Le ventilateur tourne à plein régime, le PC rame, et le Gestionnaire des tâches pointe toujours le même coupable : Windows Modules Installer Worker, parfois affiché sous le nom TiWorker.exe. Ce processus apparaît sur Windows 10 et Windows 11, et il déclenche régulièrement des pics à 50 %, 80 %, voire 100 % d’utilisation processeur ou disque. Avant de chercher à le tuer, il faut comprendre ce qu’il fait. Le désactiver sauvagement casse Windows Update et expose la machine à des failles de sécurité non corrigées.
Ce que fait réellement Windows Modules Installer Worker
Windows Modules Installer Worker est un composant officiel du système, rattaché au service TrustedInstaller. Son fichier exécutable, TiWorker.exe, est stocké dans C:\Windows\WinSxS\. Toute version trouvée ailleurs (dans Temp, AppData ou un dossier utilisateur) doit être considérée comme suspecte. Un clic droit sur le processus dans le Gestionnaire des tâches, puis « Ouvrir l’emplacement du fichier », permet la vérification en deux secondes.

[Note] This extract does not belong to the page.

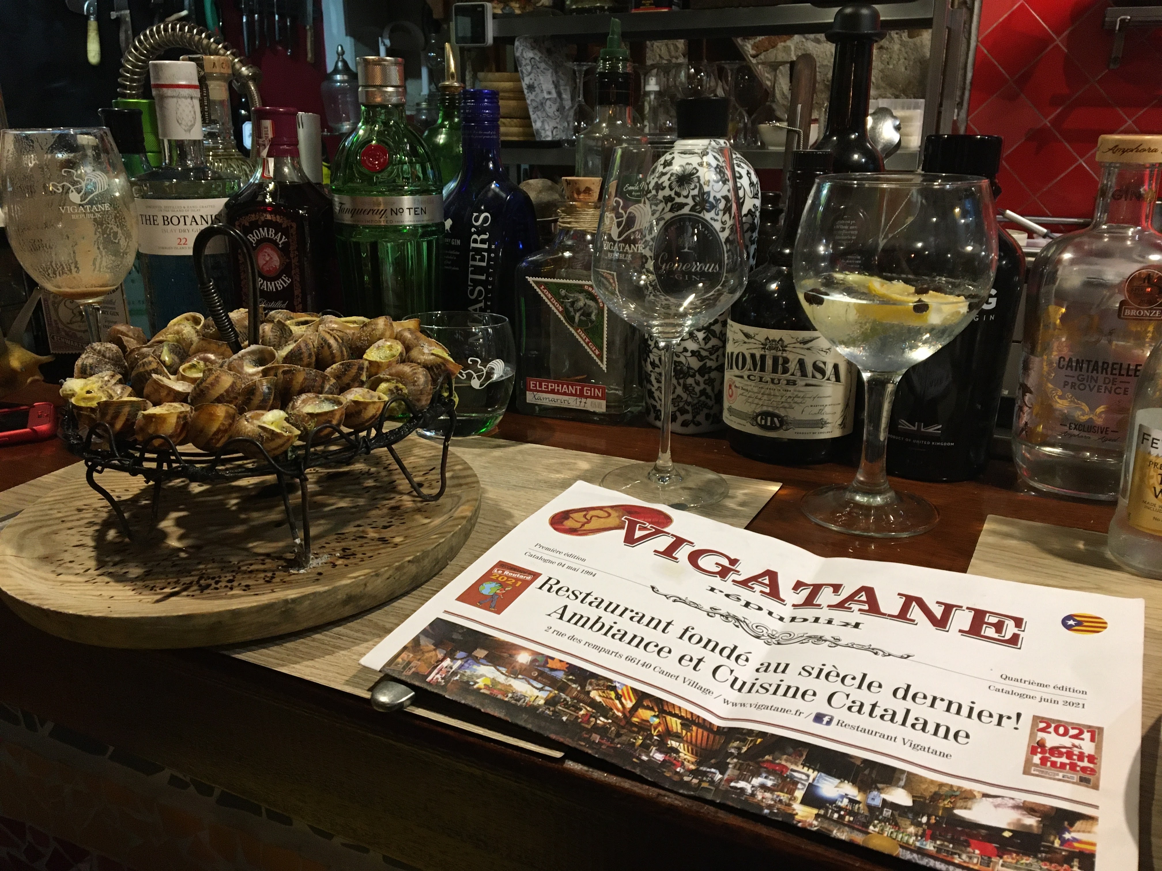 Cuisine catalane : crevettes rouge de Méditerranée, escargots à la braise, loup à la planxa, porc Tirabuixo… les plats du terroir sont racontés par le patron Yves au comptoir du VIGATANE. Et le bar à gin avec le talent du barman qui fait de vos gins un spectacle sont une découverte de saveurs exceptionnelles bien trop rares.

Sa mission est précise : détecter, télécharger, installer et désinstaller les mises à jour Windows, ainsi que les composants optionnels comme le .NET Framework. Il intervient aussi pendant un nettoyage de disque qui inclut l’option « Nettoyage de Windows Update ». Couper TiWorker.exe pendant cette opération fait échouer le nettoyage et conserve plusieurs gigaoctets de fichiers temporaires sur le système. Ce n’est pas un virus, et aucune campagne de malware connue ne se cache durablement sous ce nom dans le bon dossier système.
Pourquoi la consommation grimpe autant
Le scénario typique : le service scanne les serveurs Microsoft, télécharge un patch cumulatif de 600 Mo à 4 Go, puis recompose les fichiers système. Cette dernière étape sollicite massivement le CPU et le disque. Sur un SSD NVMe, le pic dure rarement plus de 10 à 20 minutes pour une mise à jour mensuelle. Sur un disque dur mécanique de 5 400 tr/min, comptez 45 minutes à 2 heures pour le même patch, et parfois 3 à 4 heures pour une mise à jour de fonctionnalités comme 23H2 ou 24H2.
Trois situations sortent de la norme et justifient une intervention :
Le pic dure plus de 2 heures sur un PC pourtant équipé d’un SSD. Cas classique d’un cache SoftwareDistribution corrompu après une coupure de courant ou un arrêt forcé.
Le processus revient toutes les 5 à 10 minutes, sans qu’aucune mise à jour ne soit installée. Signe d’un fichier système endommagé qui empêche la finalisation.
Le disque reste à 100 % d’utilisation alors que TiWorker.exe ne consomme que 2 % de CPU. Symptôme fréquent d’un disque dur en fin de vie, à vérifier avec CHKDSK ou un outil SMART.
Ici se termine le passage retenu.